The default mutex is created (fast)
I checked for possible deadlocks , etc , none to my knowledge.
And the same code works fine all the time. Only when its run
for a couple of days continuously it ends up with this hanging issue.


Qns : 

1. When will pthread_mutex_lock end up calling sem_destroy ?
   What are the conditions for this to occur ?

2. If you see sem_destroy ends up calling
 pthread_kill_other_threads_np
which tries to kill all the threads in the process.

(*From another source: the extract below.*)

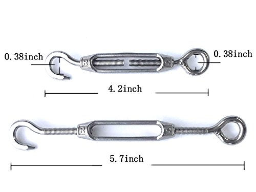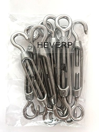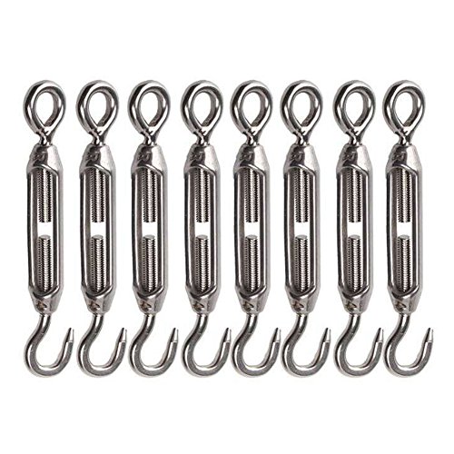 HEVERP 8PCS 304 Stainless Steel M4 Hook & Eye Turnbuckle Light Duty Wire Rope Tension
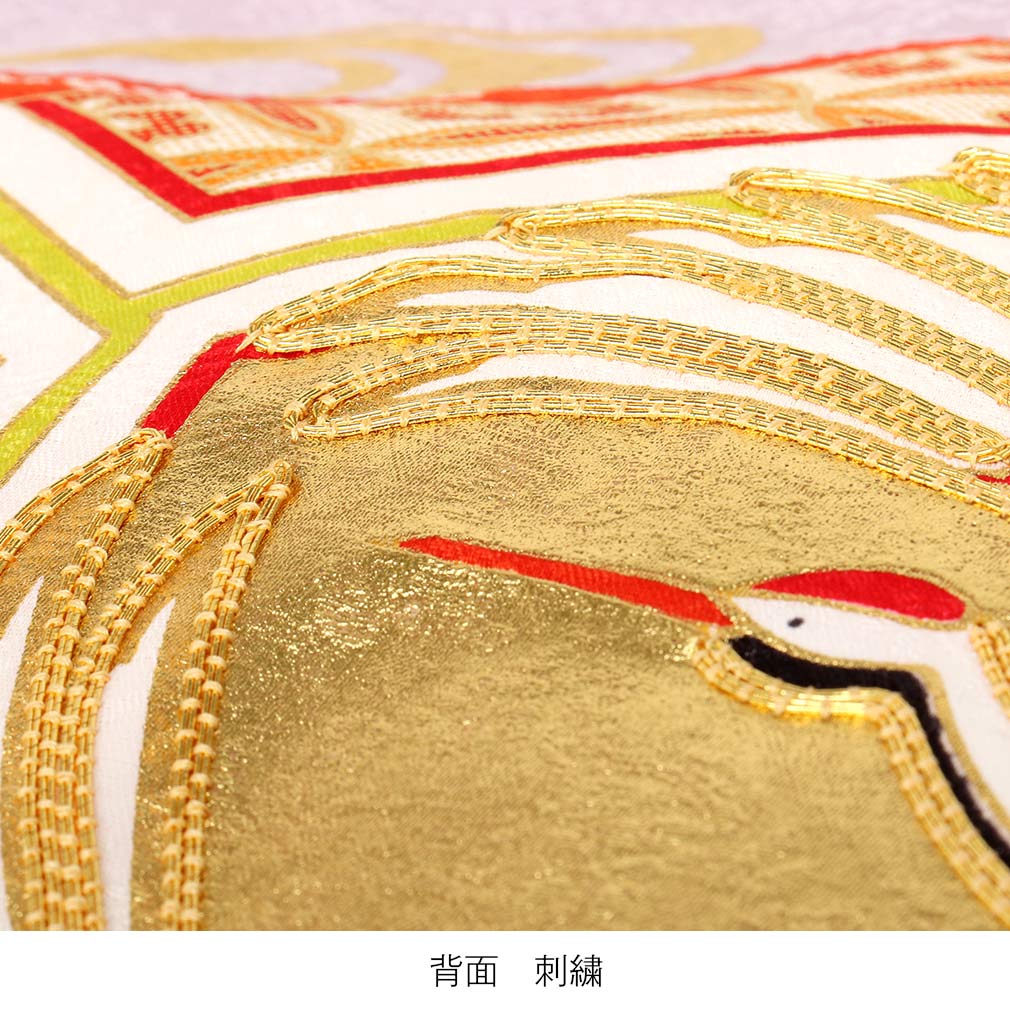 二対の鶴や打出の小槌には職人による丁寧な金駒刺繍が施され、浮かび上がる様などうっとりする程きれいなお着物です。

Ideally I've seen  pthread_kill_other_threads_np
call only when the process runs out of resources/descriptors or 
soemthing.

 Why is this being called here ?

3. Any ptrs on known issues on pthread_mutex_lock or when does 
pthread_mutex_lock create the above stack trace will be helpful.


Thanks,
arun


Version-Release number of selected component (if applicable):

glibc 2.2.4

How reproducible:

Happens whenever we run our prog. for a day or two.


Steps to Reproduce:
1.
2.
3.
  
Actual results:


Expected results:


Additional info:

Comment 1 Jakub Jelinek 2004-08-31 11:10:53 UTC
1) pthread_mutex_lock never calls sem_destroy, the backtrace can't be
   truested
2) neither sem_destroy calls pthread_kill_other_threads_np

If you manage to create a small self-contained testcase which points
to a glibc bug (as opposed to broken application locking which is
much more likely), please reopen this bug.
Without it there is really nothing we can do for you.